Podejrzewali to muzycy. UOKiK ukarał Yamahę!
Zwłaszcza pianiści od dawna dziwili się kilku rzeczom. Jedna, to czemu w tak wielu sklepach sprzedawcy polecają instrumenty Casio - tu podejrzewając nawet specjalny program lojalnościowy dla sprzedawców. Druga, to czemu instrumenty Yamaha były tak drogie. Tymczasem uderzenie właśnie spadło na polskich przedstawicieli firmy Yamaha. Okazuje się od 13 lat klienci przepłacali za instrumenty tej firmy przez zmowę cenową. Decyzją prezesa UOKiK właśnie nałożono na firmę pół miliona złotych kary za zawyżone ceny sprzętu muzycznego Yamaha
Spółka Yamaha Music Europe przez 13 lat ustalała z dystrybutorami minimalne ceny odsprzedaży sprzętu muzycznego w sklepach internetowych w Polsce - informuje w czwartek UOKiK. - Sankcja byłaby dużo wyższa, jednak przedsiębiorca współpracował z Urzędem w ramach programu leniency i dobrowolnie poddał się karze finansowej - czytamy w komunikacie.

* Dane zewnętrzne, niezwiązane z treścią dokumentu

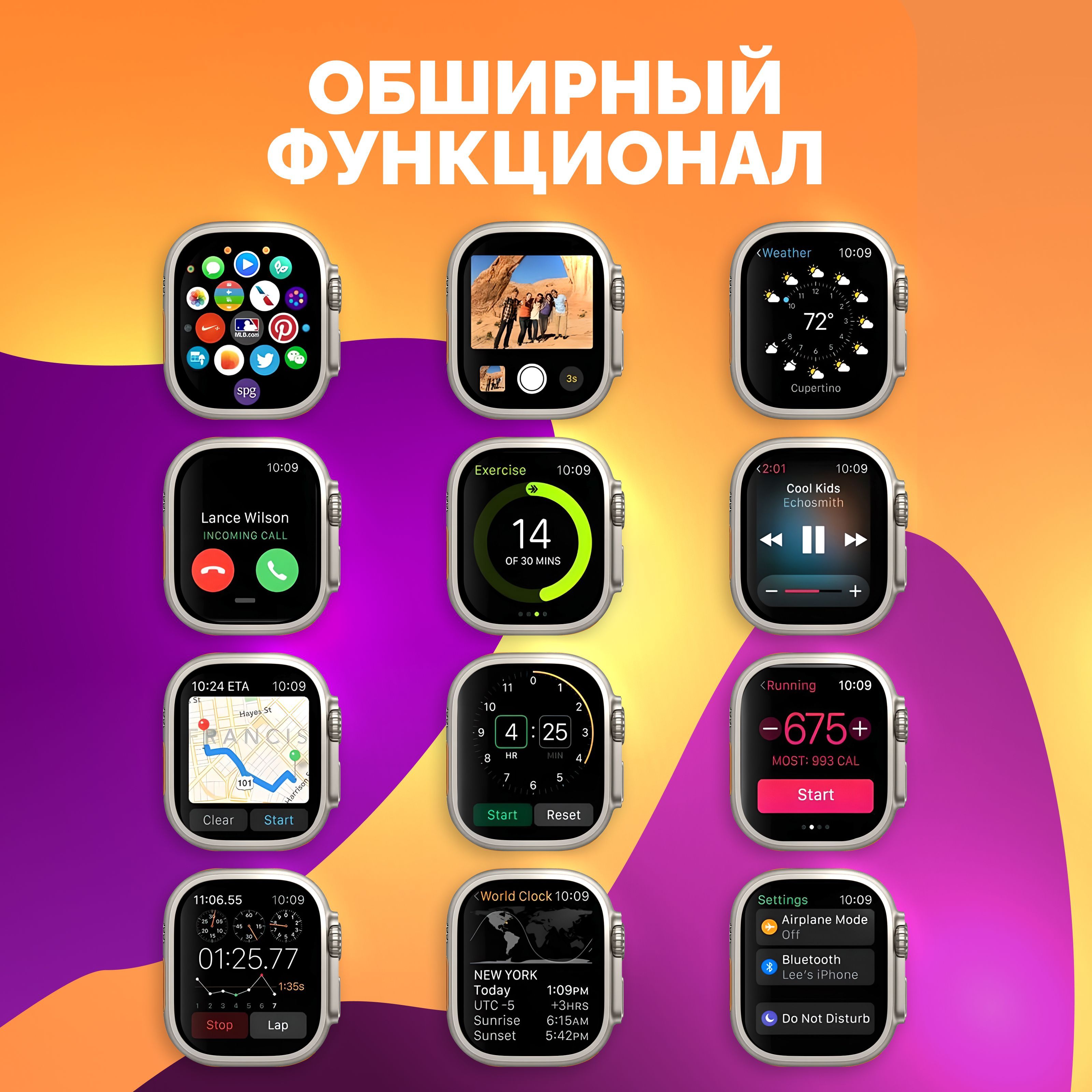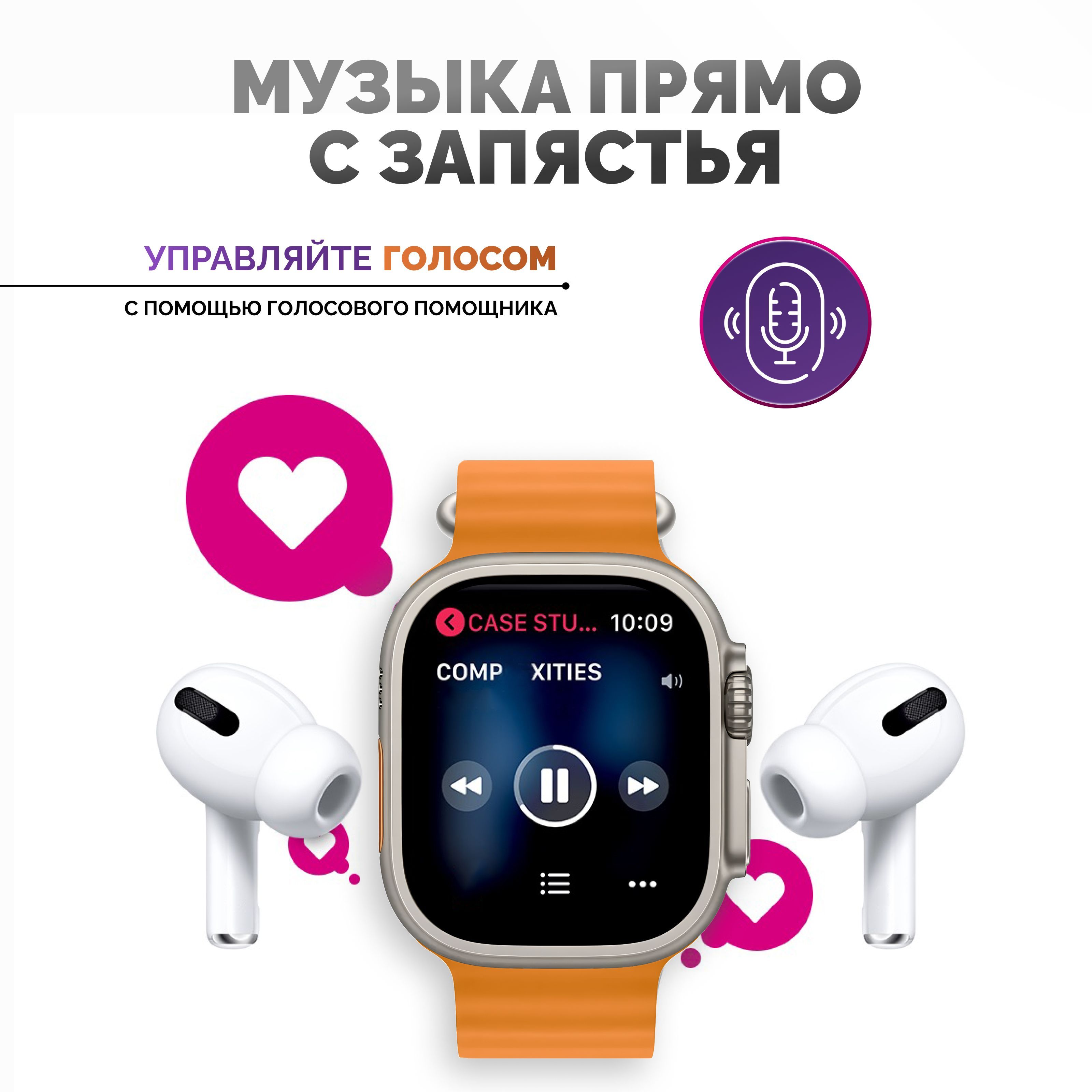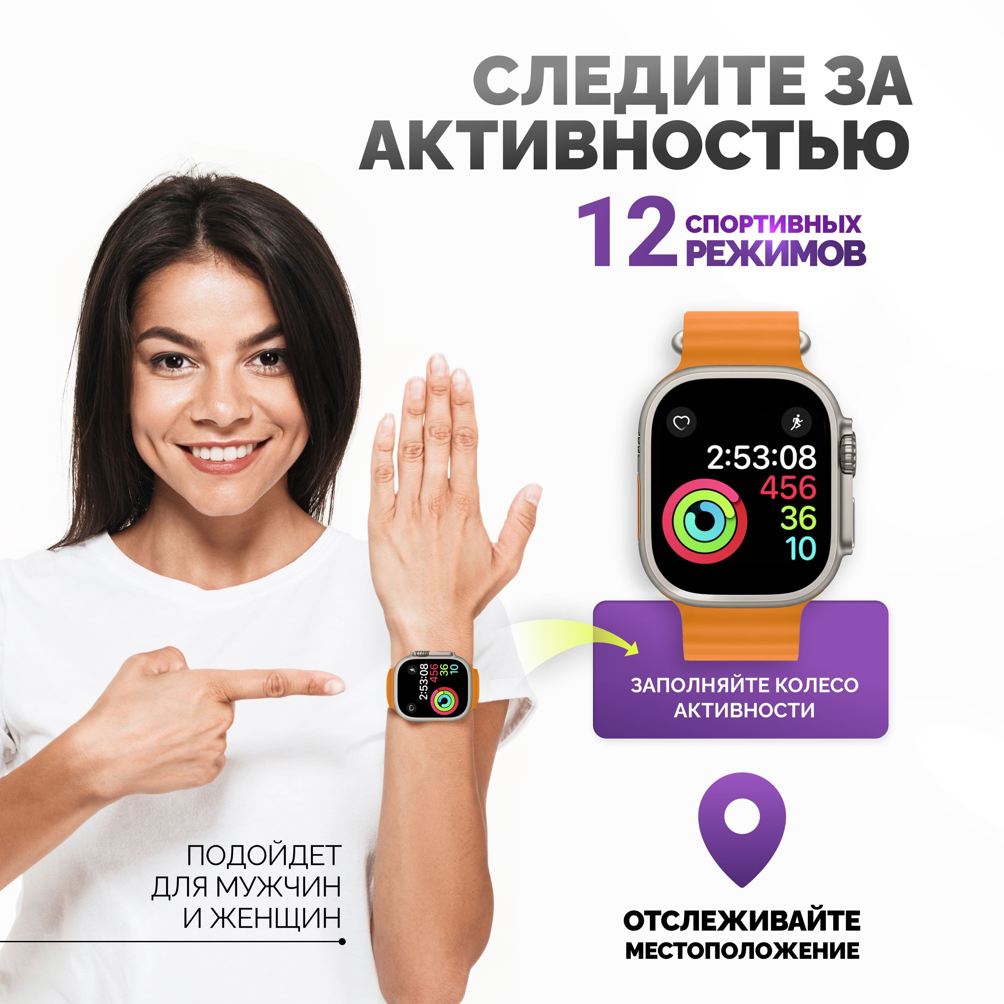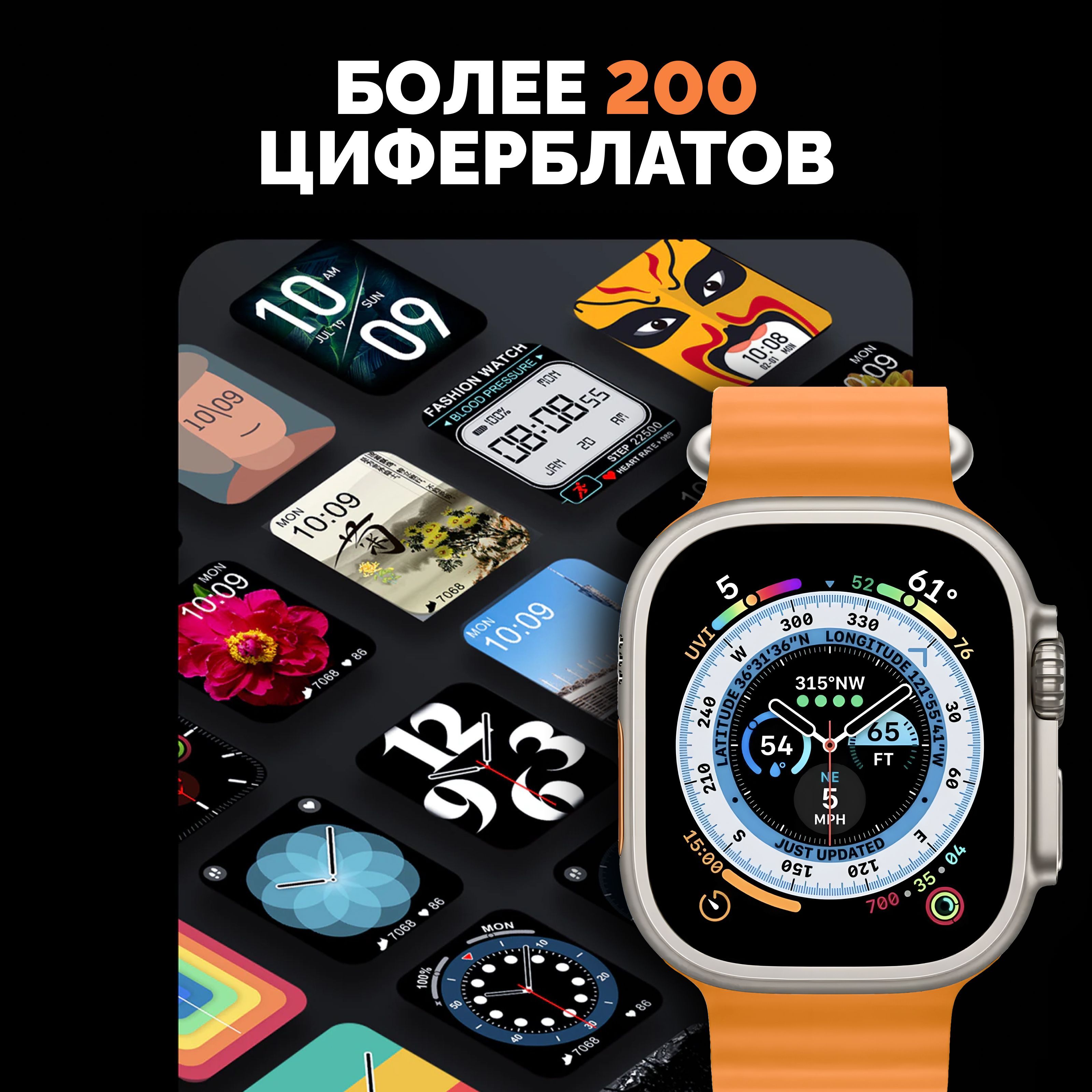 Описание: Смарт-часы серии 8 Ultra - это ультрасовременный гаджет, который предлагает множество функций и возможностей для удобства своих пользователей. Стильный дизайн подчеркнет ваш имидж, а богатый функционал, улучшенный процессор, усиленная батарея и превосходный яркий дисплей сделают эти электронные наручные часы вашим незаменимым помощником на каждый день. Эти умные часы доступны в нескольких расцветках, которые подойдут, как мужчинам, женщинам и подросткам, что делает их идеальным подарком для любого случая - от праздников до повседневных подарков. Смарт-часы серии 8 Ultra имеют закаленное стекло, что делает их очень прочными и устойчивыми к повреждениям. Они оснащены 49 мм безрамочным сенсорным дисплеем на IPS матрице, благодаря чему изображение не гаснет, не искажается и не меняет цвета ни под каким углом. Вы можете менять внешний вид, используя на выбор около 500 вариантов дисплея, которые устанавливаются через приложение. Они также имеют множество функций, которые делают их идеальным выбором для спортсменов и любителей активного образа жизни. Эти умные часы имеют спортивные режимы, которые позволяют пользователям отслеживать свои показатели и результаты во время занятий спортом. Смарт часы имеют защиту от брызг и пыли, но купаться в них не рекомендуем! Большое количество спортивных функций, мульти-спортивный режим позволяют использовать умные часы женские или мужские наручные часы не только как стильный и красивый аксессуар, но и в качестве фитнес часов для мониторинга общего состояния здоровья. Умные часы женские/мужские поддерживают функцию контроля нагрузок при ходьбе, беге, занятиях игровым спортом, езде на велосипеде и т.д. Обращаем внимание, что умные часы не являются поверенным медицинским прибором, поэтому возможны отклонения показателей от действительных. Для точного измерения давления и других показателей пользуйтесь соответствующими медицинскими приборами и обращайтесь к врачам! Но в то же время, вы всегда можете контролировать максимально приближенные результаты измерений, следить за здоровьем. Smart watch series 8 Ultra обладают множеством функций, которые делают их неотъемлемой частью повседневной жизни. Они позволяют пользователям контролировать свои звонки (принимать и совершать), сообщения, уведомления и другие события прямо на своем запястье (либо использовать их через гарнитуру или блютуз наушники). Они также имеют функции музыкального плеера, что позволяет пользователям управлять своей музыкой непосредственно с помощью смарт-часов. Смарт вотч сопрягаются со смартфонами, работающим на операционных системах android и ios. Достаточно скачать бесплатное приложение WearfitPro или Wear Pro (в зависимости от поставки и инструкции к часам), включить Bluetooth и следовать строго той схеме по подключению, что указана в инструкции, идущей вместе с часами. Одним из главных преимуществ смарт-часов серии 8 Ultra является их стильный и современный дизайн. Они доступны в разных цветах и вариантах, что делает их идеальным выбором для любого стиля и вкуса. Эти умные наручные часы имеют яркий и крупный дисплей, который можно настроить на разные цветовые схемы и темы. Мягкий рифленый ремешок из гипоаллергенного силикона приятно облегает запястье, благодаря чему смарт часы 8 серии практически не чувствуются на руке. На данные часы подхо

Yamaha Music Europe jest producentem sprzętu muzycznego sprzedawanego pod markami Yamaha, Line 6 oraz Steinberg, który wprowadza do obrotu m.in. na terytorium Polski. Prezes UOKiK Tomasz Chróstny stwierdził, że przedsiębiorca ten ustalał minimalne ceny, po których jego produkty miały być sprzedawane przez dystrybutorów w sklepach internetowych. Począwszy od 2004 r. spółka ustalała ceny stosując określony wzór matematyczny, następnie wyznacznikiem cen minimalnych był dostępny w internecie cennik. Ponadto, przedstawiciele Yamaha Music Europe wyznaczali bezpośrednio sklepom internetowym minimalne ceny sprzedaży produktów.
Zgodnie z prawem przedsiębiorcy sprzedający produkty spółki Yamaha Music Europe powinni mieć dowolność w kształtowaniu cen, po których chcą oferować je konsumentom. Zmowa doprowadziła do sytuacji, w której konsumenci przez 13 lat przepłacali za sprzęt muzyczny w intrenecie. Yamaha nie tylko narzucała ceny, ale również monitorowała ich stosowanie, interweniując jeśli któryś z jej kontrahentów próbował sprzedawać sprzęt taniej – mówi Prezes UOKiK Tomasz Chróstny.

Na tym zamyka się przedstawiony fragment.